Warrior snorts, but I see him glance over at the cityscape for a moment to see if he can spot it, and I have no doubt he’ll be leaving us to explore this evening, just as we want him to.
We each choose a room of which there are four, not five, and it again strikes me that Bryn is seen more as a pampered pet than a sentient being, that when Morgan told the orc in the courtyard that we were keeping the slave with us, he was only humored because this is a fine establishment.
I wonder if they’d have refused to allow her into one of the other, cheaper inns, and instead made her sleep unguarded in a pen by the horses.
‘Unpack.’ Warrior slings his pack at Bryn, and she only just catches it before it hits her full in the face and the force makes her take several steps back.
‘Yes, my lord,’ she murmurs meekly and staggers into the room he’s chosen under the heavy bag.

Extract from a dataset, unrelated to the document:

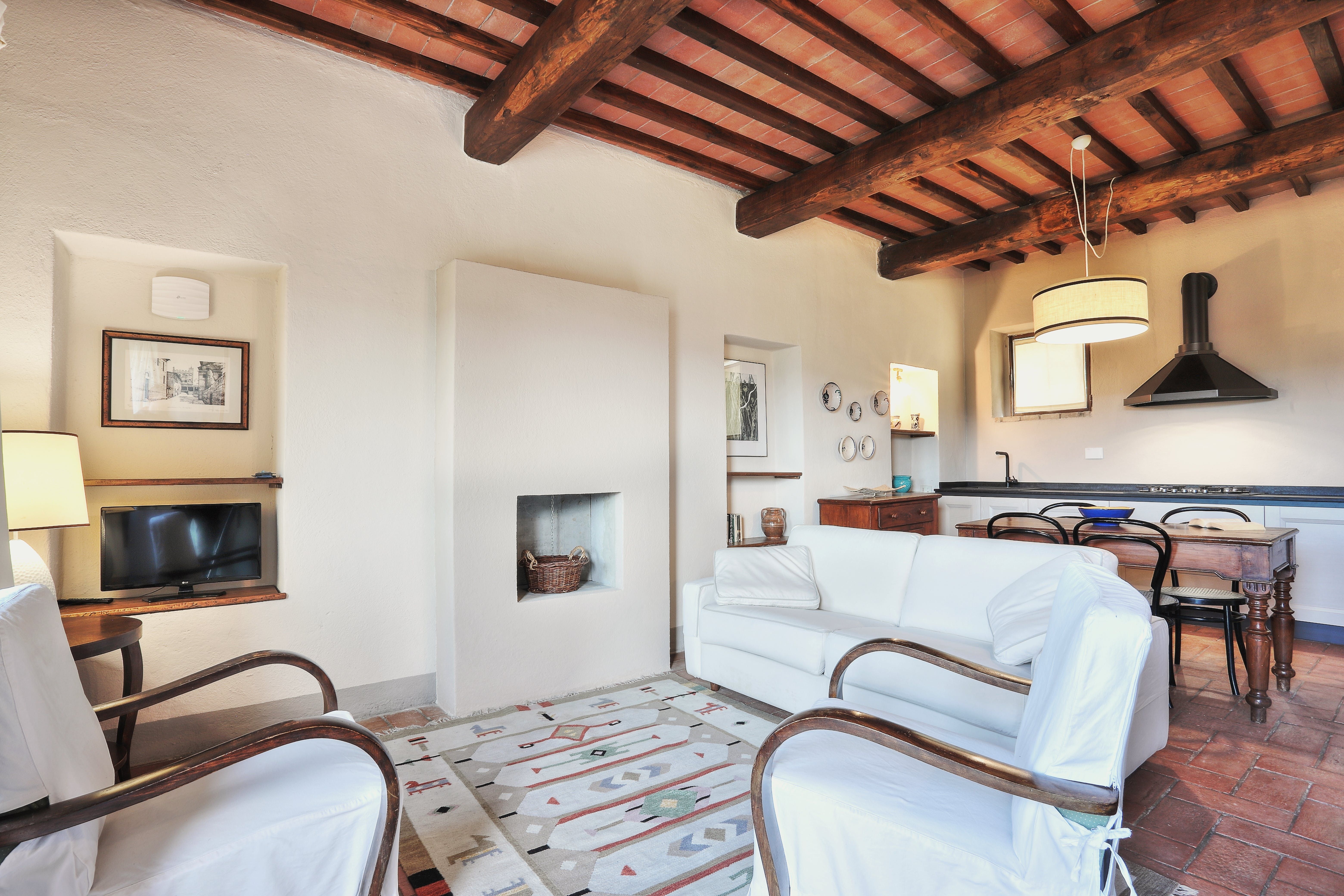If you’re seeking peace and quiet in the Tuscan countryside, this farmhouse surrounded by olive groves and vineyards is just the ticket. While the traditional interiors won’t be everyone’s cup of tea, we think they’re part of the charm. Outside, there’s a private garden overlooking the landscape, a shaded terrace for dining, and a small private pool. Although the rural location means having a car is essential here, you’re within easy driving distance of Certaldo and Emploi should you fancy embarking on a day trip.

I turn away, my fists clenching. What is wrong with me? We’ve been out here for months, and the treatment of the slaves has never upset me this much. I was able to forget them, I realize. The slaves were bought and sold within a matter of one or two days. But Bryn’s been with us for longer than that. Almost a week now that I think on it. And we still have another two to go.
I run my hands through my hair, pulling it a little in frustration. When I turn around, I find Locke out on the balcony and Morgan and Warrior nowhere to be seen.
I don’t care where Morgan’s gone, but my eyes narrow at Warrior’s door that’s now closed, and I approach it very quietly, putting my ear to the door.
‘...but you wouldn’t be able to help with that, would you.’
‘No, my lord.’ Her voice is more subdued than usual.
‘And why is that, girl?’
‘Because I’m a useless, ugly slave, my lord. I’m fit only for the arenas I’m to be sold to.’
‘That’s right, but you forgot filthy and vermin infested. Gods, look at your flesh, so flayed and maimed. It’s a wonder any bull would mount you. What bull could stomach it? Even the most desperate would have to be blindfolded to get hard enough to stick it in. Do you think if you were a better slave, you wouldn’t have been thrashed with the rod so hard that it left such deep scars or burned quite so many times with pokers?’
‘I don’t know, my lord.’
My stomach turns, and I step away, trying to think of an excuse to get her away from him and his vicious words.
I rush to the middle of the room. ‘Slave!’ I bellow. ‘Why aren’t you sorting the packs as I told you? How am I to know what to buy at market if I don’t know what supplies we have left?’
‘I’m sorry, my lord,’ I hear her call.
She tears open the door, and half runs from Warrior’s room a moment later. I’m relieved to find that she isn’t bruised and battered. Her eyes, however, are dull and blank and her hands are shaking a little as she begins to unpack the bags, sorting everything into piles.
‘I’m sorry, I didn’t do as you ordered, my lord,’ she says quietly a little while later as she unpacks the last of the bags.
I let out a sigh. ‘I didn’t order you to do anything, Bryn,’ I say in a low tone.
She looks up sharply. ‘Then why...’
‘I heard the things he was saying to you.’
She stares at me. ‘I don’t understand. Why would you care what he says to me?’
She shakes her head a little as if she can’t fathom a reason and goes back to her task in silence.
I hear Warrior leave the rooms via the main door and watch as Locke follows a moment after, intending to trail him to wherever he goes to ensure he won’t be back for a while.
I glance at Bryn, not stopping what I’m doing. ‘When we got here, you took a vial. The one to make sure you weren’t carrying vermin.’
‘I don’t have vermin, my lord,’ she mutters somewhat stiffly.
‘I didn’t think you did,’ I say. ‘But I did think it was foolish of you to drink that potion when you didn’t know what was in it. This is a city of mages. They’re tricky and clever. Gods only know what it might have been.’
She whispers that she’s sorry, seeming smaller next to me now under my chastisement.
I let out a sigh. ‘Just ask before you do anything. I don’t want you to be hurt, Bryn.’